The topic of DST was forgotten until America was dragged into World War II after the attack on Pearl Harbor. DST is now required to save energy.
Inconsistent adherence to time zones among the states created considerable confusion with interstate bus and train service. To remedy the situation, Congress passed the Uniform Time Act in 1966, establishing consistent use of Daylight Saving Time within the United States: Clocks were to be set ahead one hour on the last Sunday in April and one hour back on the last Sunday in October.
In 1986, the U.S. Congress approved a bill to increase the period of Daylight Saving Time, moving the start to the first Sunday in April. The goal was to conserve oil used for generating electricity—an estimated 300,000 barrels annually. (In 2005, the entire state of Indiana became the 48th state to observe Daylight Saving Time.)
The rules for DST changed in 2007 for the first time in more than 20 years. The new changes were enacted by the Energy Policy Act of 2005, which extended the length of DST in the interest of reducing energy consumption. The rules increased the duration of DST by about one month. DST is now in effect for 238 days, or about 65% of the year, although US Congress retained the right to revert to the prior law should the change prove unpopular or if energy savings are not significant.
Currently in the US, DST starts on the second Sunday of March and ends on the first Sunday of November. It is applicable to most US states.
Hawaii and Arizona are the only two states in the U.S. that do not observe daylight savings time. However, several overseas territories do not observe daylight savings time. Those territories include American Samoa, Guam, Northern Mariana Islands, Puerto Rico, and the U.S. Virgin Islands.
The map below shows the regions of the world that use DST (Updated 2021).

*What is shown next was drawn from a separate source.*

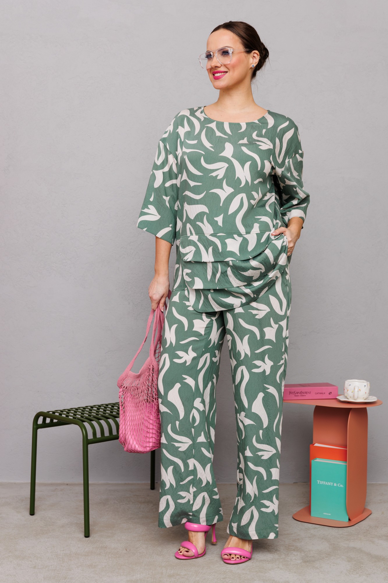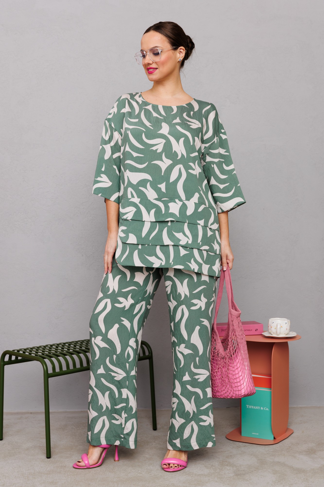 Брючный костюм Мублиз плюс 245 бело-зеленый

DST start and end dates in the US and Europe (Except for a few US states that use standard time):
United States
European Union
 Year  DST Begins at 2 a.m. DST Ends at 2 a.m. Summertime period begins at 1 a.m. UT Summertime period ends at 1 a.m. UT
2017 March 12 November 5 March 26 October 29
2018 March 11 November 4 March 25 October 28
2019 March 10 November 3 March 31 October 27
2020 March 8 November 1 March 29 October 25
2021 March 14 November 7 March 28 October 31
2022 March 13 November 6 March 27 October 30
2023 March 12 November 5 March 26 October 29
March 10
November 3
March 31
October 27
DST start and end time also differ among countries.